What if Those Books are “not for us”?

What if Those Books are “not for us”?

This past semester, an extremely bright student in my senior seminar recounted a story of how her high school debate team, which was very successful, found itself towards the end of the season facing debates against kids from swank private schools. Describing her own school as working-class, she said that the thing that stood out most for her was how extremely well-read those private-school kids were. She felt like there was no way she and her friends could ever catch up. And the more she listened to them talk, and quote things, and drop into conversation–without even thinking–the titles of and ideas from things they’d read, the more she began to think that “those books were a luxury that just wasn’t for us.”

That notion–not that owning physical texts and having the time to read them is a luxury, but that merely having access to them, was a luxury beyond the reach of a working-class student–has haunted me since that September conversation. We were talking about cultural capital, about the possible values of reading widely, but quickly, this became a conversation about privilege, access, and, most importantly, entitlement. It became a conversation about students who were made to feel, on a pretty fundamental level, that certain books were simply not for them.

Teaching as I have for the last fifteen years at a university whose students are predominantly the first in their families to go to college, who are putting themselves through school, who have complicated lives with family commitments and a need to balance full-time employment (when they can get it) with full-time student status in order to make ends meet, I am no stranger to these questions of the power of privilege in fostering literacy. I have long said that the hardest thing to accept as a teacher at a place like this is that there is so precious little a teacher can do in one semester to make up for eighteen years of not reading or being voraciously read to.

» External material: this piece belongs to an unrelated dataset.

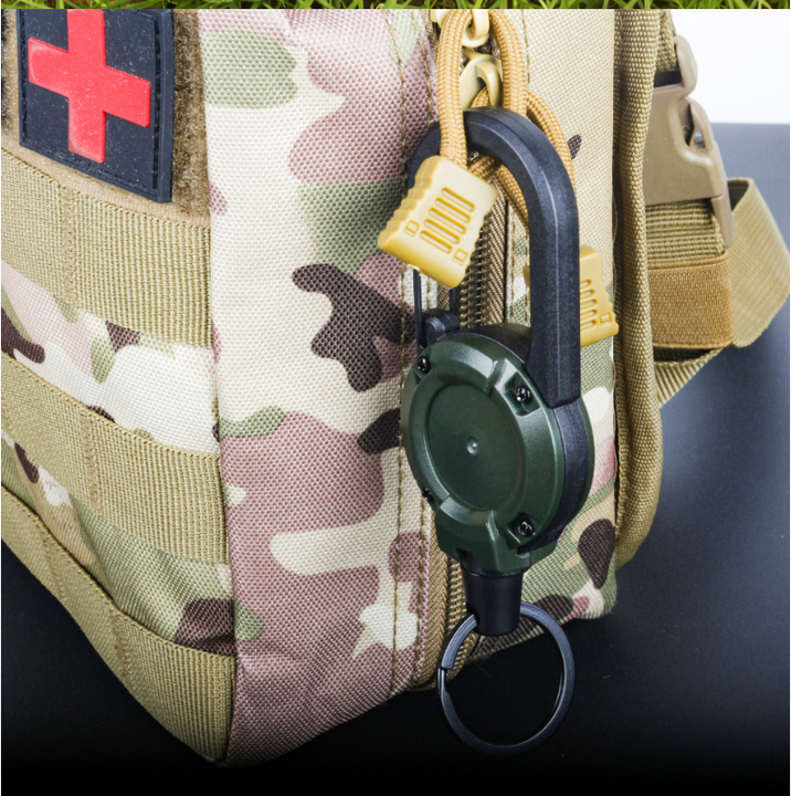 OUTLANDRA Olive EDC Retractor to niezawodny zwijany brelok z karabińczykiem, który doskonale sprawdzi się zarówno w terenie, jak i na co dzień. Dzięki solidnemu mechanizmowi retraktora oraz wytrzymałemu karabińczykowi, zyskujesz szybki dostęp do kluczy, identyfikatora, scyzoryka czy małego narzędzia EDC – bez ryzyka zgubienia i bez konieczności odpinania ich od plecaka lub paska.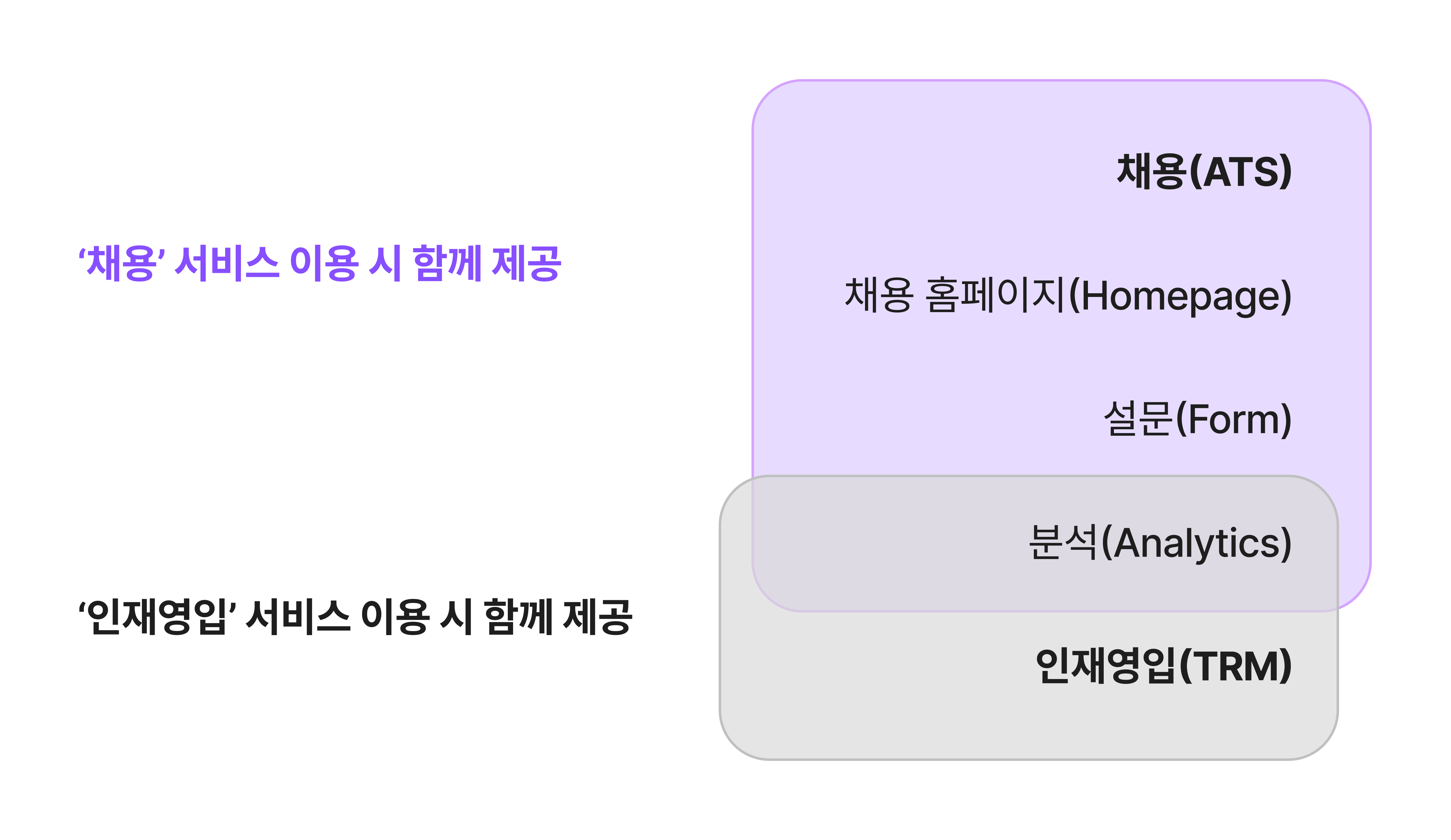 ‘채용(ATS)’ 서비스를 이용하면 플랜에 따라 '채용 홈페이지, 설문, 분석(채용 파트)' 서비스를 함께 제공하며,

But, I am ashamed to say, it had never occurred to me in precisely this way that students would come to me already acculturated to feel disenfranchised by the very books that I was including on my syllabi. This is not to say, of course, that in my classes we do not spend lots of time talking precisely about questions of reading, authorship, and cultural value. The problem of who has had a voice, historically, in print is central to any Victorian literature classroom as far as I’m concerned.

The deeper question of why my own students do or don’t see the value in reading the things I ask them to read, or enjoy the texts, or find themselves deeply engaged in wrestling with their ideas, has always been something I considered in terms of problems of access that had to do with the texts themselves: Victorian prose is dense and slow compared to contemporary voices in print, the culture is foreign in time and custom and politics, the vocabulary and lingering descriptions feel “old” in a way that many students find off-putting. I never really registered that my students may have spent a lifetime of schooling being taught that those books were not for them, and that my job in teaching these books was going to be partly about creating a sense that they were entitled to them too.

Of course, the most self-aware and articulate students will rail against that glass ceiling without my needing to do anything to make that happen. At the end of the term, that same student wrote a really incredible essay on her own growing into cultural literacy, in which she explored (in part) the degree to which the curriculum at her high school was consistently dumbed-down, offering insultingly juvenile books to students as the only ones “appropriate” to their aptitudes. She made the following deeply perceptive observation:

My time rubbing elbows with future Harvard graduates gave me a better perspective on the value of the much maligned humanities. When conservative politicians and spineless democrats argue that we should focus more on STEM at the cost of the arts and humanities, I know this doesn’t apply to their own privileged children. I know that the elite will continue to learn the language of Marx while the rest of us will continue to read textbooks written for fifth graders.

I have nothing to add to this powerful claim except the desire to register publicly that if we support college education for everyone as a democratic goal, then we as faculty need to be highly cognizant of what messages may have become ingrained into our students before they ever reach us. And we need to be really thoughtful about what that will mean for our teaching–since it is only the very tiniest minority of students who are as thoughtfully aware as this one about how their educations have shaped their own sense of value, access, and what they ought to consider theirs.

This all strikes me as particularly important in light of the current spate of articles about higher education that focus so squarely on students and situations at elite colleges and universities as if they are representative of the situations of the majority of college students these days. (I have a lot more to say about those assumptions, but it doesn’t belong here. See the link I provided for a great overview of those essays by David M. Perry.) The difficulties that face faculty and students at non-elite institutions are myriad and necessitate real theoretical and pedagogical work. Thinking hard about entitlement, or lack thereof, is certainly a good place to start.

One thought on “What if Those Books are “not for us”?

  1. This is excellent from start to finish. Thanks for posting this. I’ll be keeping it in mind as I teach Aurora Leigh to students this week.